Au Gabon, ce samedi 26 août a lieu la présidentielle. Mais des législatives et des élections locales. Or, tout a été fait pour que le pouvoir en place ne sorte pas battu. Explications.
On parle beaucoup de la présidentielle, qui a lieu ce samedi 26 août au Gabon. Mais il s’agit d’un jour encore plus important pour le pays : les électeurs choisiront également leur députés, et leurs conseillers départementaux et municipaux. Un calendrier qui a son importance. Car la loi électorale a été plusieurs fois révisée à l’occasion de ces élections générales. Et semble désormais taillée sur mesure pour le clan d’Ali Bongo qui, s’il perdait la présidentielle, conserverait certainement sa majorité au parlement.
Un « bulletin unique » qui favorise le PDG
En effet, plusieurs polémiques ont éclaté, à commencer par la nomination, à la tête du Centre gabonais des élections (CGE), l’organe chargé de l’organisation des élections, de l’ancien ministre, Michel Stéphane Bonda, toujours proche du pouvoir. La modification de la loi électorale pour faire en sorte que l’opposition ait moins de « scrutateurs » dans les bureaux de vote a également beaucoup fait parler. Il sera difficile, surtout en cas de coupures d’internet, de s’assurer de la véracité des résultats.
Mais ce qui a particulièrement cristallisé les critiques, c’est le nouveau « bulletin unique ». Ce dernier a été instauré pour samedi et est, d’ores et déjà, problématique. Car si trois scrutins ont lieu, chaque vote sera interdépendant des autres. En effet, sur le fameux « bulletin unique » figureront les noms du candidat à l’élection présidentielle et d’un député. En substance, les électeurs devront voter pour un député et pour un président du même parti politique. Ce qui pose un gros souci pour les candidats — aux législatives ou à la présidentielle — indépendants.

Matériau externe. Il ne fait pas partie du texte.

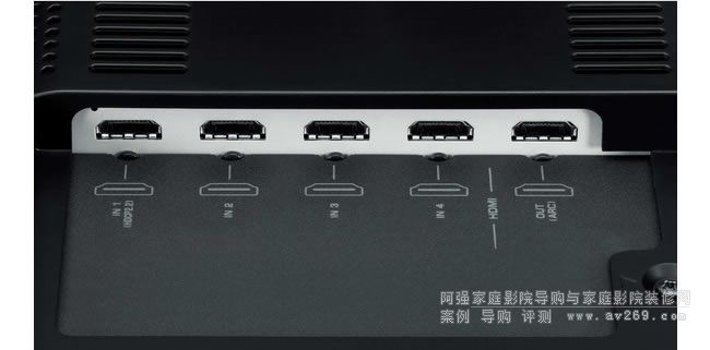 本機背板配備4組HDMI輸入,其中HDMI 1能對應4K視訊、能接Ultra HD Blu-ray播放機。
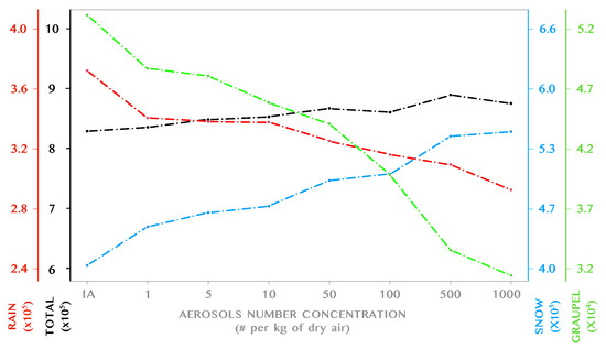 On another note, when aerosol concentration is decreased, rain production is more effective, provided that the mean droplet size is higher and precipitable sizes more easily reached by C–C processes. In addition, graupel production is more effective due to the increased droplet size, as shown in the CDR column of Table 1. In fact, according to the numbers provided in Matsuo et al. [20], the droplet sizes are above the threshold of effective graupel production (10 μm) in all the simulations with aerosol concentrations below aerosols per cubic centimeter of dry air. The LWC threshold, around 0.4 g·m−3, is exceeded in all simulations, thus being the mean droplet size that is the most determinant factor in the production of graupel. Therefore, the lower the aerosol concentration is, the larger the droplet size and the more effective the graupel formation process.
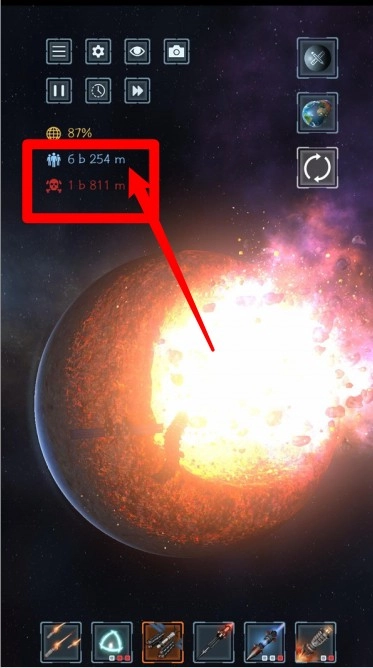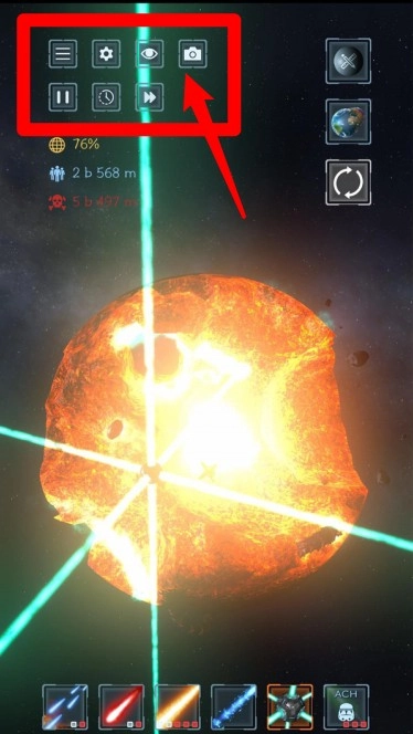 1.点击武器发动攻击:点选攻击图标瞄准星球,瞬间释放火力。
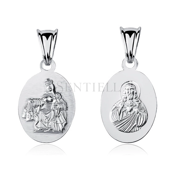 Dwustronny medalik o owalnej formie wykonany ze srebra próby 925, rodowany. Jedna strona przedstawia wizerunek Matki Boskiej Szkaplerznej w wypukłym reliefie, osadzony na delikatnie satynowanej powierzchni, z czytelnie zaznaczonymi fałdami szat i atrybutami ikonograficznymi. Druga strona ukazuje wizerunek Jezusa z Sercem w reliefie, umieszczony na gładkim, polerowanym tle. Krawędzie regularne, profil płaski, forma niewielka i proporcjonalna.
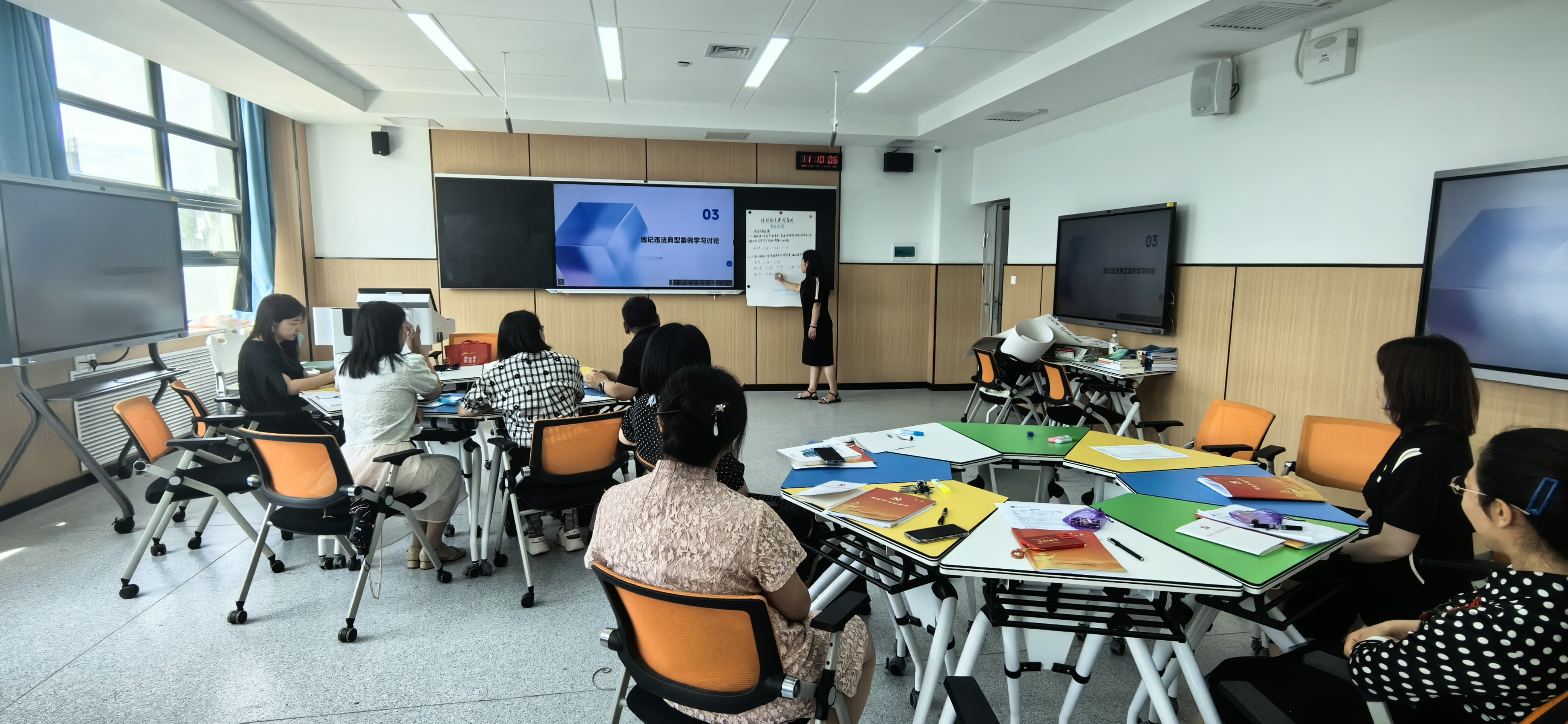 随后,本次主题党日活动结合国家课程思政建设体系要求,以基层教学组织为抓手,着眼护理专业核心课程,以一堂课的课程思政教学设计为单元,通过《基础护理学》和《儿童护理学》两门主干课程教学团队老师们的通力合作,以模拟微工作坊的形式开展课程思政教学设计说课及教学研讨活动,凝聚集体智慧,拓展课程思政设计思路,以教育目标为导向,不断提升老师们的课程思政教学能力。本次主题党日活动内容丰富,契合党建促教学实际,取得了预期效果。

De quoi faire perdre des voix à l’opposition
L’exemple de l’opposant Anges Kevin Nzigou est flagrant : alors qu’il souhaite être député, étant considéré comme indépendant, s’il vote pour lui il ne pourra pas voter pour la présidentielle. Le candidat du consensus à la présidentielle, désigné par la plateforme d’opposition Alternance 2023, est lui aussi considéré comme indépendant, Albert Ondo Ossa n’appartenant pas à un parti politique. Ceux qui voteront pour lui n’auront donc pas la possibilité de désigner un député, A23 n’ayant pas présenté de listes pour les législatives. Autrement dit, même s’il perdait la présidentielle, Ali Bongo devrait toujours avoir la majorité à l’Assemblée nationale — le PDG, son parti, dispose actuellement de 96 sièges sur 143 possibles.
Après avoir fermé les bureaux de vote pour les Gabonais de l’étranger dans plusieurs pays, le pouvoir a donc bien préparé l’après-26 août. Dans ces conditions, difficile d’imaginer une déroute du PDG. C’est aussi le système démocratique qui est mis en péril. « Le vote de l’électeur doit être libre. Or là, on oblige l’électeur à choisir une fois pour deux candidats. Il vote donc obligatoirement pour un ticket », s’étonne Mike Jocktane, directeur de campagne d’Albert Ondo Ossa, auprès de TV5 Monde. Du côté des militants d’Alternance 2023, l’objectif est de se concentrer sur l’élection d’Albert Ondo Ossa. Mais quelques milliers de voix seront forcément perdues en cours de route à cause de ce système de « bulletin unique ». Et lorsque l’on sait qu’en 2016, Jean Ping a été annoncé perdant à 5 000 voix près, ce détail n’en est pas un.